> _WHAT TO WORK ON_
Write out the entries verbatim and leave the images out of the copy.

> _PROVIDED DATA_
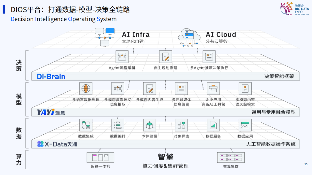 针对以上问题,中科闻歌自研企业级AI平台——DIOS决策智能操作系统,以“数据—模型—决策”三层架构为核心,打通AI应用的全链路闭环:
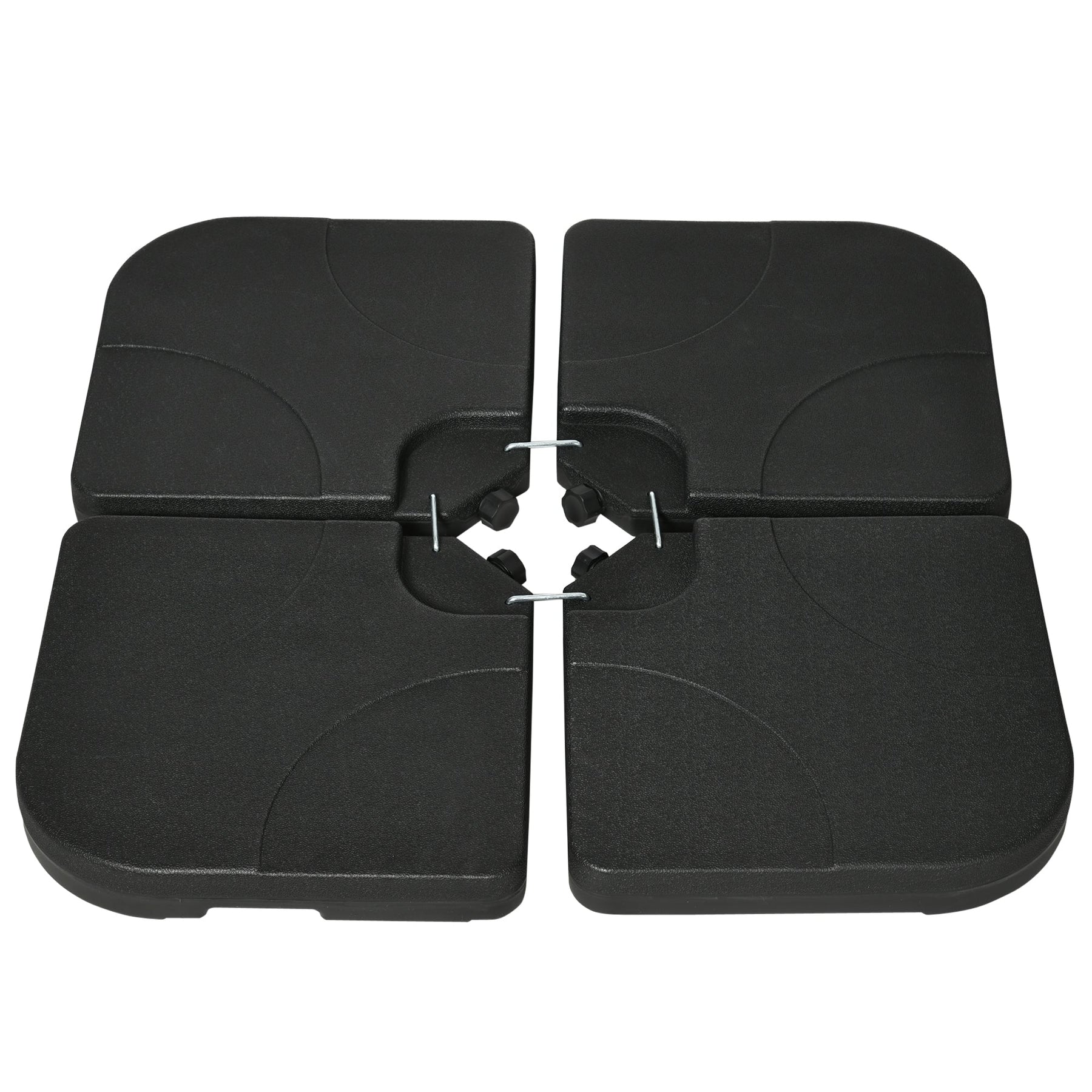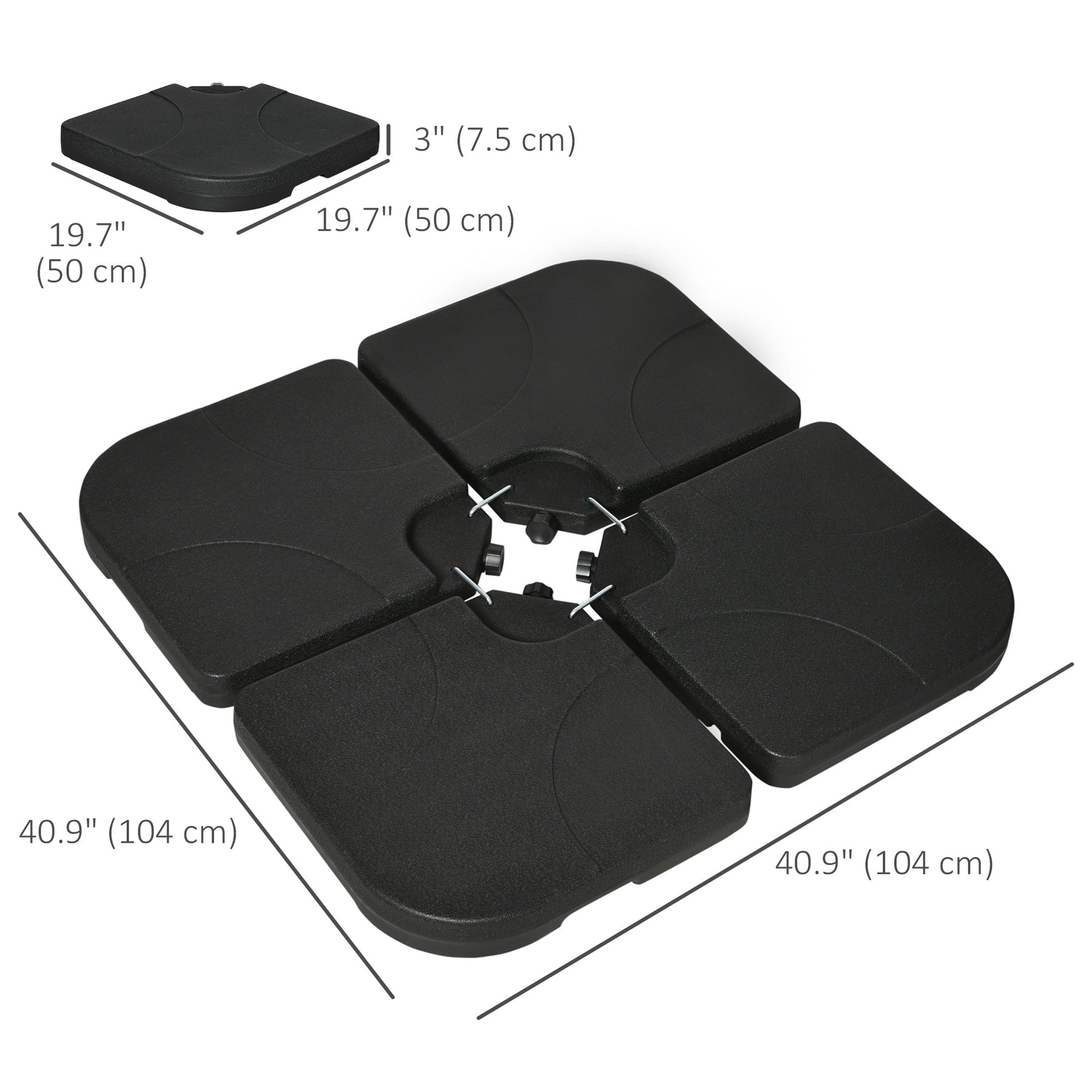 Keep your cantilever umbrella securely in place with this four-piece base designed for patio umbrellas. This umbrella base is ideal for providing stability and ensuring your umbrella stays upright to offer shade on sunny days. When filled with water, the base weighs 60kg, and when filled with sand, it weighs 78kg, offering excellent support for your outdoor parasol. Each base weight features a filling port and screw cap, making it simple to fill and empty for hassle-free use. Crafted from tough and durable HDPE plastic, this umbrella base is built to withstand outdoor elements, ensuring long-lasting performance. It also includes four metal connectors to keep the individual pieces securely connected for added stability. Perfect for use with compatible Outsunny parasols, this umbrella base is an essential addition to your outdoor setup.
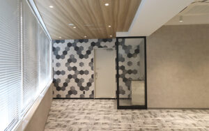 • 落ち着きのある木目調の天井とデザイン性の高いフロアタイル
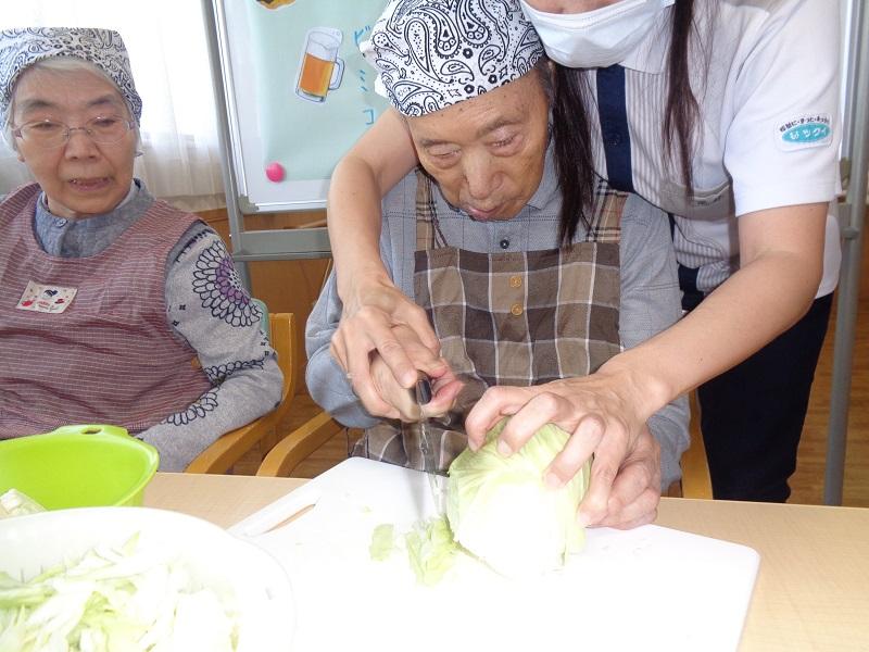 お客様にキャベツを切っていただいたり、一緒に焼きました。
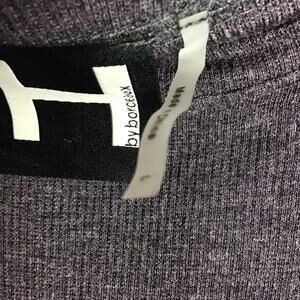 The H by Bordeaux Ribbed Knit T-Shirt in Licorice Gray is a chic and versatile addition to any wardrobe. Designed for comfort and style, this lightweight tee is made from a soft spandex-rayon blend that provides just the right amount of stretch. Perfect for casual days, travel, or layering in spring, summer, and fall.
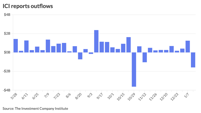 The Investment Company Institute Wednesday reported outflows of $1.59 billion for the week ending Jan. 14, following $1.247 billion of inflows the previous week. This differs from LSEG Lipper, which reported investors added $1.825 billion to mutual funds over the same time period.
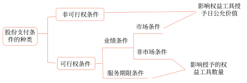 市場條件 | 指行權(quán)價格、可行權(quán)條件以及行權(quán)可能性與權(quán)益工具的市場價格相關(guān)的業(yè)績條件,如股份支付協(xié)議中關(guān)于股價至少上升至何種水平職工可相應取得多少股份的規(guī)定 |
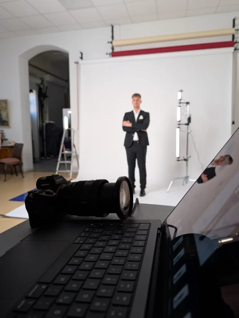 Make-up, Licht und Outfit greifen perfekt ineinander – für harmonische, professionelle Aufnahmen ohne Stilbruch.
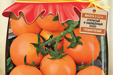 Отличное сочетание высоких вкусовых качеств в свежем и консервированном виде. Индетерминантный среднеспелый гибрид высотой до 2,2 м для выращивания в открытом и защищённом грунте. Период от всходов до начала созревания 112-115 дней. Гибрид обладает генетической устойчивостью к наиболее вредоносным болезням и имеет стабильную урожайность даже при стрессовых условиях. В кисти одновременно наливается 5-7 одинаково ровных плодов уникального ярко-оранжевого цвета, массой до 60 г, сливовидные или грушевидные, гладкие, глянцевые с отличными вкусовыми качествами. Плоды плотные, пригодны для свежего потребления и цельноплодного консервирования. Лёжкие и транспортабельные.
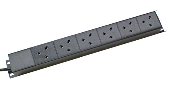 Ces modèles ont des prises modulaires 13 A 3 broches BS1363 montées à intervalles de 50 mm, pour offrir la plus haute densité possible. Le câble d’entrée est situé du côté gauche de l’unité.
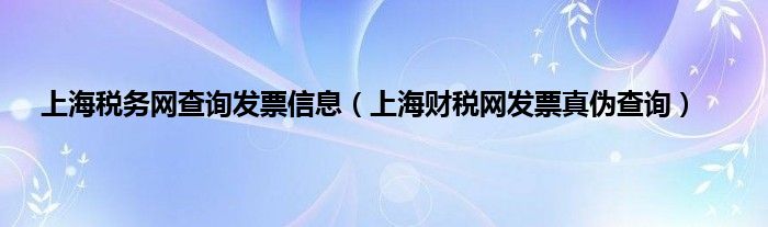 上海税务网查询发票信息(上海财税网发票真伪查询)
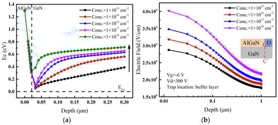 From Equations (2) and (3), it can be seen that when the acceptor trap energy is fixed (i.e., Etrap is fixed), the electrons’ capture rate increases with the increase of acceptor trap concentration p and parameter ηn, and the parameter ηn is proportional to the difference between the conduction band energy (Ec) and the Fermi energy (EFn). Figure 4a shows the conduction band energy of the device at different trap concentrations; it can be seen that the Fermi energy (EFn) is closer to the conduction band (Ec) when the acceptor trap concentration is lower. That is, ηn is smaller when the trap concentration is lower. In other words, the number of electrons captured by acceptor traps will increase with the high trap concentration, which in turn leads to a decrease in the leakage current in the buffer layer. With the decrease of the leakage current, the resistivity of the buffer layer gradually increases, thus delaying its avalanche breakdown [,]. Therefore, the breakdown voltage continues to increase until the trap concentration reaches 5 × 1016 cm−3.

> _FINISHED EXERCISE_
 针对以上问题,中科闻歌自研企业级AI平台——DIOS决策智能操作系统,以“数据—模型—决策”三层架构为核心,打通AI应用的全链路闭环:
 Keep your cantilever umbrella securely in place with this four-piece base designed for patio umbrellas. This umbrella base is ideal for providing stability and ensuring your umbrella stays upright to offer shade on sunny days. When filled with water, the base weighs 60kg, and when filled with sand, it weighs 78kg, offering excellent support for your outdoor parasol. Each base weight features a filling port and screw cap, making it simple to fill and empty for hassle-free use. Crafted from tough and durable HDPE plastic, this umbrella base is built to withstand outdoor elements, ensuring long-lasting performance. It also includes four metal connectors to keep the individual pieces securely connected for added stability. Perfect for use with compatible Outsunny parasols, this umbrella base is an essential addition to your outdoor setup.
 • 落ち着きのある木目調の天井とデザイン性の高いフロアタイル
 お客様にキャベツを切っていただいたり、一緒に焼きました。
 The H by Bordeaux Ribbed Knit T-Shirt in Licorice Gray is a chic and versatile addition to any wardrobe. Designed for comfort and style, this lightweight tee is made from a soft spandex-rayon blend that provides just the right amount of stretch. Perfect for casual days, travel, or layering in spring, summer, and fall.
 The Investment Company Institute Wednesday reported outflows of $1.59 billion for the week ending Jan. 14, following $1.247 billion of inflows the previous week. This differs from LSEG Lipper, which reported investors added $1.825 billion to mutual funds over the same time period.
 市場條件 | 指行權(quán)價格、可行權(quán)條件以及行權(quán)可能性與權(quán)益工具的市場價格相關(guān)的業(yè)績條件,如股份支付協(xié)議中關(guān)于股價至少上升至何種水平職工可相應取得多少股份的規(guī)定 |
 Make-up, Licht und Outfit greifen perfekt ineinander – für harmonische, professionelle Aufnahmen ohne Stilbruch.
 Отличное сочетание высоких вкусовых качеств в свежем и консервированном виде. Индетерминантный среднеспелый гибрид высотой до 2,2 м для выращивания в открытом и защищённом грунте. Период от всходов до начала созревания 112-115 дней. Гибрид обладает генетической устойчивостью к наиболее вредоносным болезням и имеет стабильную урожайность даже при стрессовых условиях. В кисти одновременно наливается 5-7 одинаково ровных плодов уникального ярко-оранжевого цвета, массой до 60 г, сливовидные или грушевидные, гладкие, глянцевые с отличными вкусовыми качествами. Плоды плотные, пригодны для свежего потребления и цельноплодного консервирования. Лёжкие и транспортабельные.
 Ces modèles ont des prises modulaires 13 A 3 broches BS1363 montées à intervalles de 50 mm, pour offrir la plus haute densité possible. Le câble d’entrée est situé du côté gauche de l’unité.
 上海税务网查询发票信息(上海财税网发票真伪查询)
 From Equations (2) and (3), it can be seen that when the acceptor trap energy is fixed (i.e., Etrap is fixed), the electrons’ capture rate increases with the increase of acceptor trap concentration p and parameter ηn, and the parameter ηn is proportional to the difference between the conduction band energy (Ec) and the Fermi energy (EFn). Figure 4a shows the conduction band energy of the device at different trap concentrations; it can be seen that the Fermi energy (EFn) is closer to the conduction band (Ec) when the acceptor trap concentration is lower. That is, ηn is smaller when the trap concentration is lower. In other words, the number of electrons captured by acceptor traps will increase with the high trap concentration, which in turn leads to a decrease in the leakage current in the buffer layer. With the decrease of the leakage current, the resistivity of the buffer layer gradually increases, thus delaying its avalanche breakdown [,]. Therefore, the breakdown voltage continues to increase until the trap concentration reaches 5 × 1016 cm−3.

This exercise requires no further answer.